Different industrial adhesive types have different properties or features and can be used effectively for different purposes. Some adhesives have particularly good bonding qualities - for example, hot melt adhesives which can be repeatedly softened and hardened by alternate heating and cooling.
Also particularly versatile are so-called pressure-sensitive adhesives, which - as the name suggests - need only very slight pressure to adhere to most surfaces. Pressure sensitive adhesives are available in water, solvent and latex based forms.
UV curing adhesives will give a strong and permanent bond without the use of heat, as they use ultra-violet light, or other sources of radiation. One thing to consider is the bonding time - some UV curing adhesives bond instantly, while others require a longer time.
Some industrial adhesives are defined by their chemical make-up - acrylic, silicone, rubber and polyurethanes, for example. Acrylic adhesives have a faster setting time than most other resins, and also offer excellent resistance to the elements. Polyurethanes offer durability, flexibility and high resistance to impact.

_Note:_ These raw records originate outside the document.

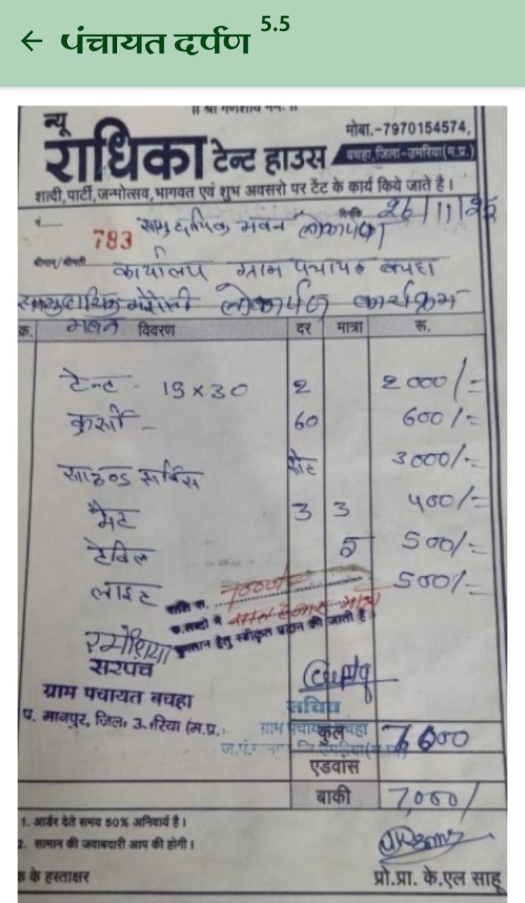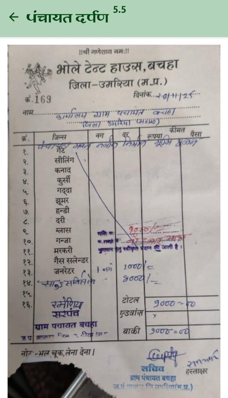 ग्राम पंचायत बचहा में भूमि पूजन के नाम पर 50 हजार से अधिक का भुगतान बिना जीएसटी के बिलों में अपने परिवार के भाई के नाम पर टेंट पर पैसा आहरण किए गए है
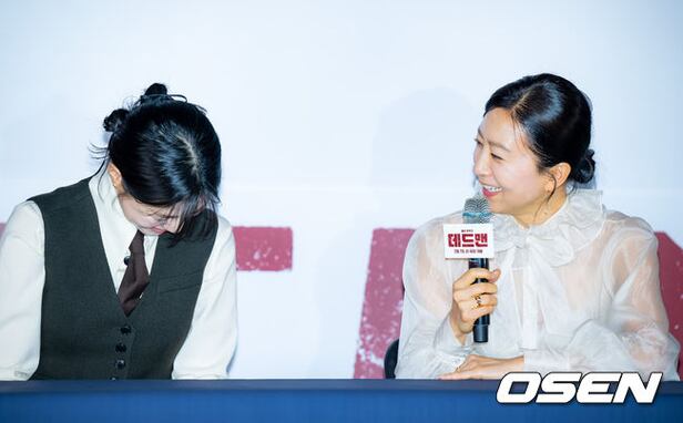 배우 김희애와 이수경이 기자회견 중 얘기를 나누고 있다. 2024.01.29 / rumi@osen.co.kr
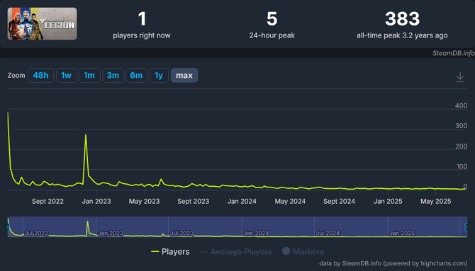 ·虽然是以FPS竞技游戏名作为原型,《穿越火线:军团》并不受玩家追捧,自发布以来就一直人数不足,最大玩家在线只有360人,近期维持在不到10人,这也是官方决定放弃的根本原因。

Rubber sealants and adhesives are widely available and have different uses. Rubber adhesives are usually based on compounds such as nitrile or butyl and they also offer a strong yet highly flexible bond between surfaces. Epoxy adhesives are known for their ability to resist chemical and environmental damage, as well as their general versatility in many areas.
Anaerobic adhesives can be used effectively in an environment with no oxygen and are widely used in many industries - military, aerospace and marine. Some anaerobic adhesives are designed to be used in a high voltage setting, or with electronic devices or semiconductors.
Silicon based adhesives are known for their flexibility and also have a high resistance to heat - up to 600 degrees Fahrenheit. Polyurethane sealants and adhesives are available in one or two part adhesive systems and are known for their all-round durability and their high levels of impact resistance.
Some industrial adhesives are designed to provide an electrical path or connection between components. These adhesives help to prevent problems such as radio frequency interference and electrostatic discharge. These adhesives are routinely used in the manufacture of circuit boards, transformers and generators.
Today, the development of industrial adhesives with new - and more effective - properties is continuing constantly. Engineers and scientists explore ways to enhance several different factors such as flexibility, toughness, setting time, temperature and chemical resistance to make industrial adhesives as effective as they can be.